In geometric decomposition, they mention recursive data structures as good candidates for recursive algorithms and then mention arrays as good candidates for geometric decomposition. Arrays are recursive data structures, though, and have been used as examples in almost every one of the recursive algorithm patters, e.g. quicksort. I think the authors need to give more context to when arrays are good candidates for being geometrically decomposed as opposed to recursively processed...which they seem to do in the next paragraph. According to the authors, recursive algorithms are fine when the range of data that you're dealing with doesn't need to know about any of the other data in the structure. When there is some locality, though, then geometric decomposition is the way to go.
It's interesting to note in the multidimensional array examples that the surface area resulting from the data decomposition is important to consider. Since each block of data may need to communicate with adjacent blocks, the more surface area there is, the more communication is necessary. A similar idea can likely be extended to most data structures. In graphs, for example, you can consider the number of outgoing edges or the cut size from a section of the graph. There is a graph partitioning paper coming up, so hopefully that's yet another layer deep and not something parallel to this. Otherwise, I think I'm missing the point of this paper.
Another novel idea is to duplicate the neighbors of cells on the boundary of a chunk. In certain scenarios, the overhead incurred by duplicating data can make up for the fact that chunks should not need to communicate with each other. However, this only seems practical to me if the cells on the boundary only need the initial values of their duplicated neighbors. If they need the mostly updated data from their neighbors, then I don't see how this eases the communication burden. Also, if each border chunk has access to all the needed information when the process begins, then I think it is a data parallelism and not geometric decomposition situation.

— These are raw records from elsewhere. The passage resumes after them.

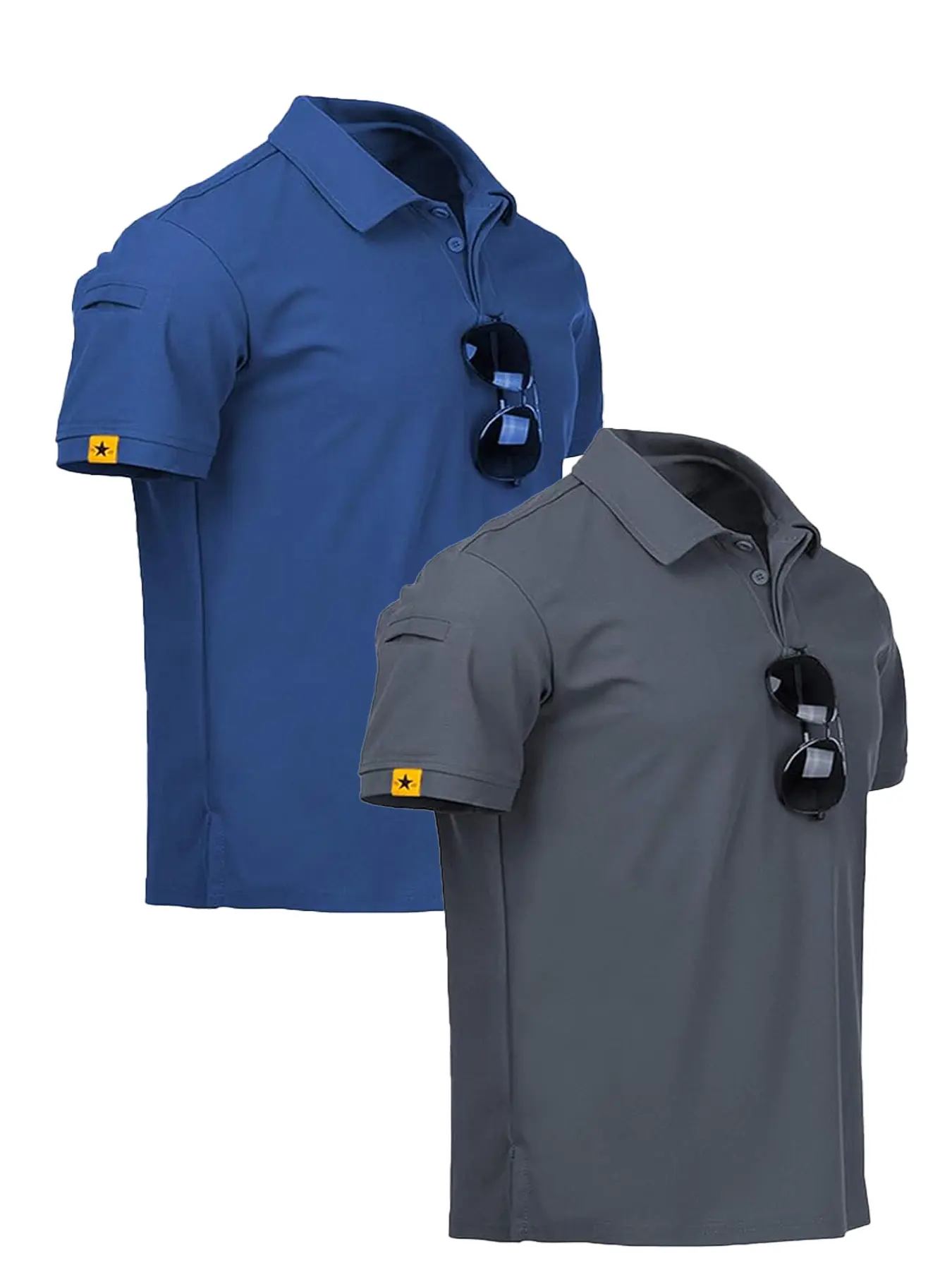 5. ZITY Mens 2 Pack Polo Shirts Short Sleeve Performance Sports Golf Shirt for Men Tactical Shirt
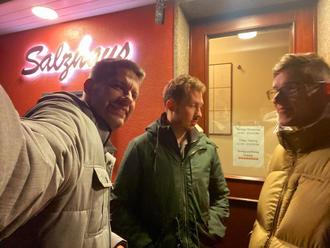 Lockere Runde nach dem Spiel, auch wenn bei einigen die Klatsche wehtut. Alex, Arne und Felix
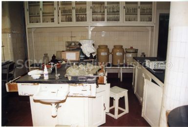 Em segundo plano, observa-se uma parede alta, junto da qual se vislumbram três reservatórios de água destilada e parte de um autoclave, colocados sobre uma banqueta e debaixo de um armário superior.
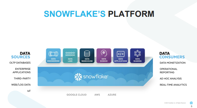 Snowflake offers a data lake and warehouse platform, which cuts the cost of ownership for enterprises and more importantly is interoperable among different public cloud providers.
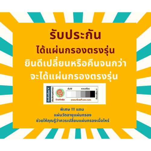 * ทางร้านยินดีเปลี่ยนแผ่นกรองให้ตรงรุ่นที่ลูกค้ามีหากมีการสั่งซื้อผิดพลาด แต่เพื่อป้องกันการเสียเวลาและค่าใช้จ่ายในการส่งสินค้ากลับมาเปลี่ยน จึงควรเช็ครหัสรุ่นให้ตรงกับที่ระบุ
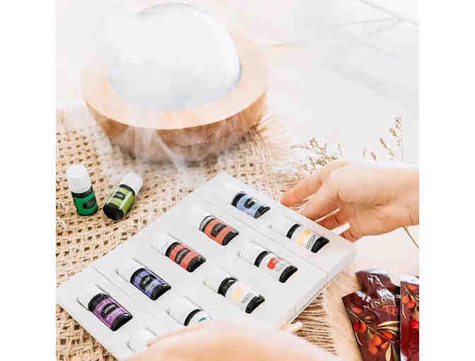 An essential oil starter bundle including 12 everyday oils, a copy of the DIY oil recipe book, and a free consultation.
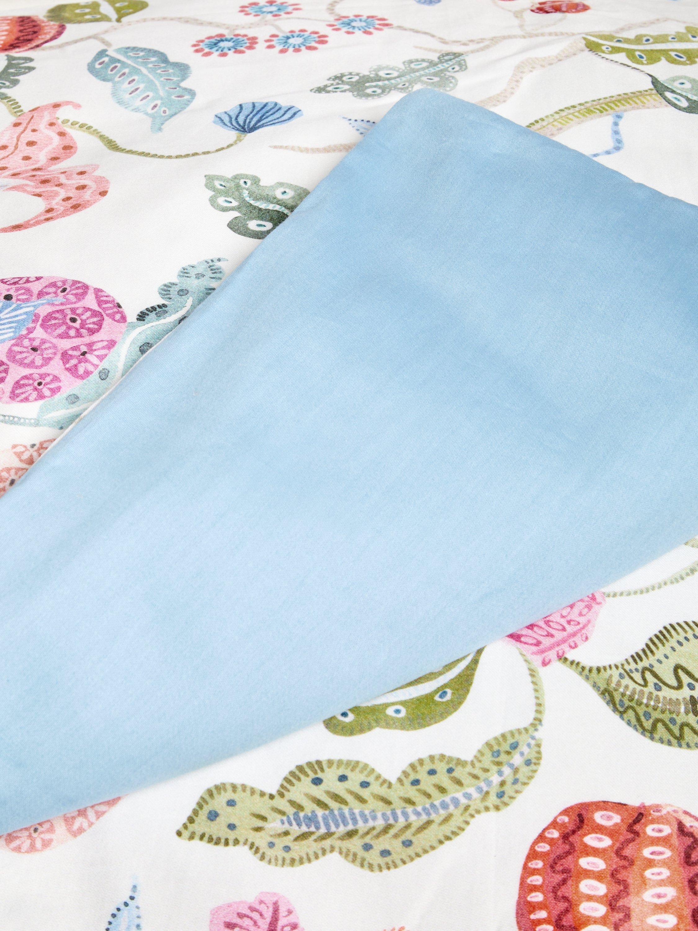A vibrant print of stylised fruits contrasted with a plain blue reverse.
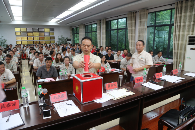 2017年6月30日上午,尊龙凯时股份党委纪委换届选举大会及纪念建党96周年暨表彰大会在公司行政中心二楼会议室召开。大会由公司党委副书记毛志国主持,公司党委书记蔡再华、湖北西塞山工业园区党工委副书记罗建华及第三届公司党委委员候选人在主席台就坐,公司全体党员参加了大会。
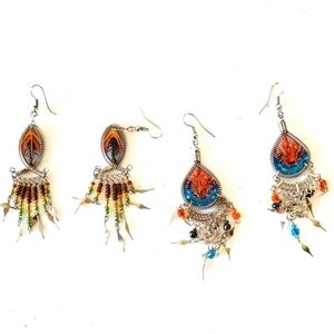 Two pairs of Handcrafted Metallic Thread Bead Dangle Earrings
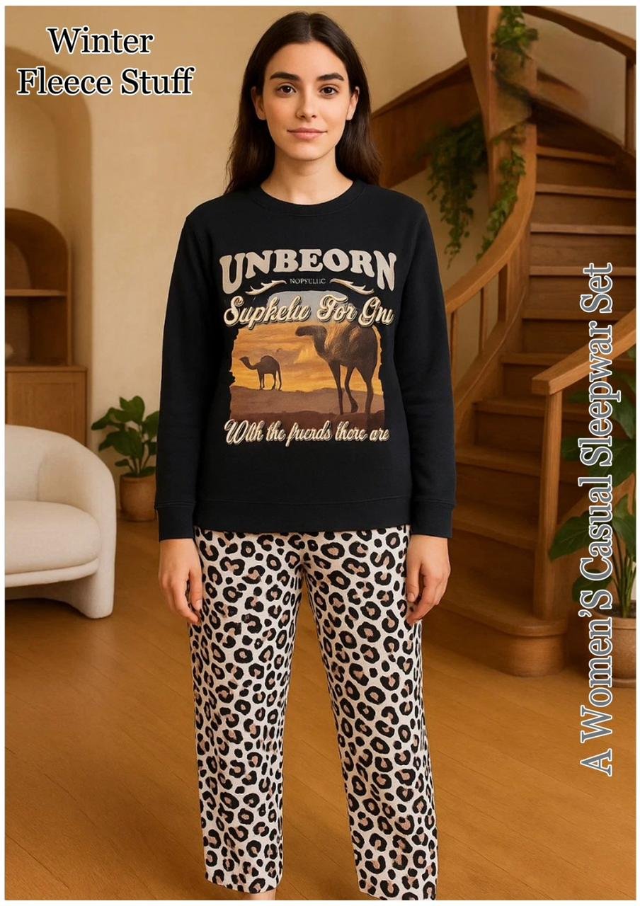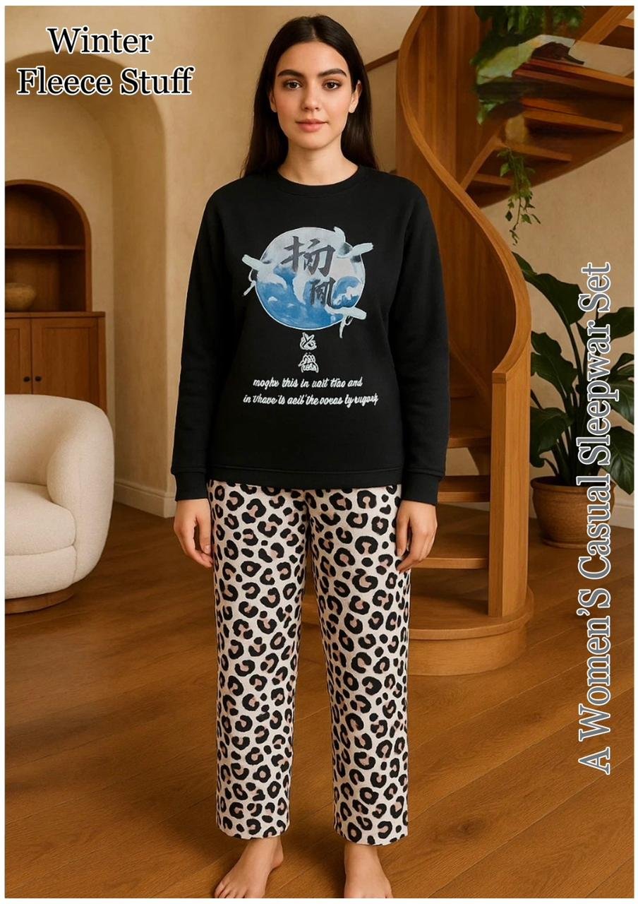 A trendy winter lounge set crafted from thick Winter Fleece Stuff. The black sweatshirt top is paired with leopard print pajama pants, making it both stylish and practical for home wear in winter.

Load balancing can become a problem if the data is not evenly distributed amongst the chunks of the data structure or if the processing causes the distribution to become uneven. The solution presented here, which makes sense to me, is to create many more chunks than UEs so no UE is likely to sit idle while another has a significant amount of processing to do.
It seems strange that the pipeline paper only differentiates itself (in the authors' words) from the pipes and filters pattern, which we've already read twice, simply by explicitly addressing parallelism. I think to avoid confusion, this should be made as a section of the pipes and filters pattern. Given that, it takes a while before this paper adds anything new to the two that we've already covered
Since each stage can typically only process one piece of data at a time, the more stages there are, the more operations can be performed in parallel. However, each stage comes at the cost of increasing communication overhead and latency. In order to make optimal use of the resources available at each stage, they should all require roughly the same amount of work so quicker stages don't leave resources idle for long while waiting for the longer ones to finish. This later point (and perhaps the former, too) was made in the previous treatments of this topic, though.
Is this even worth discussing? The entire treatment of the topic was only three sentences.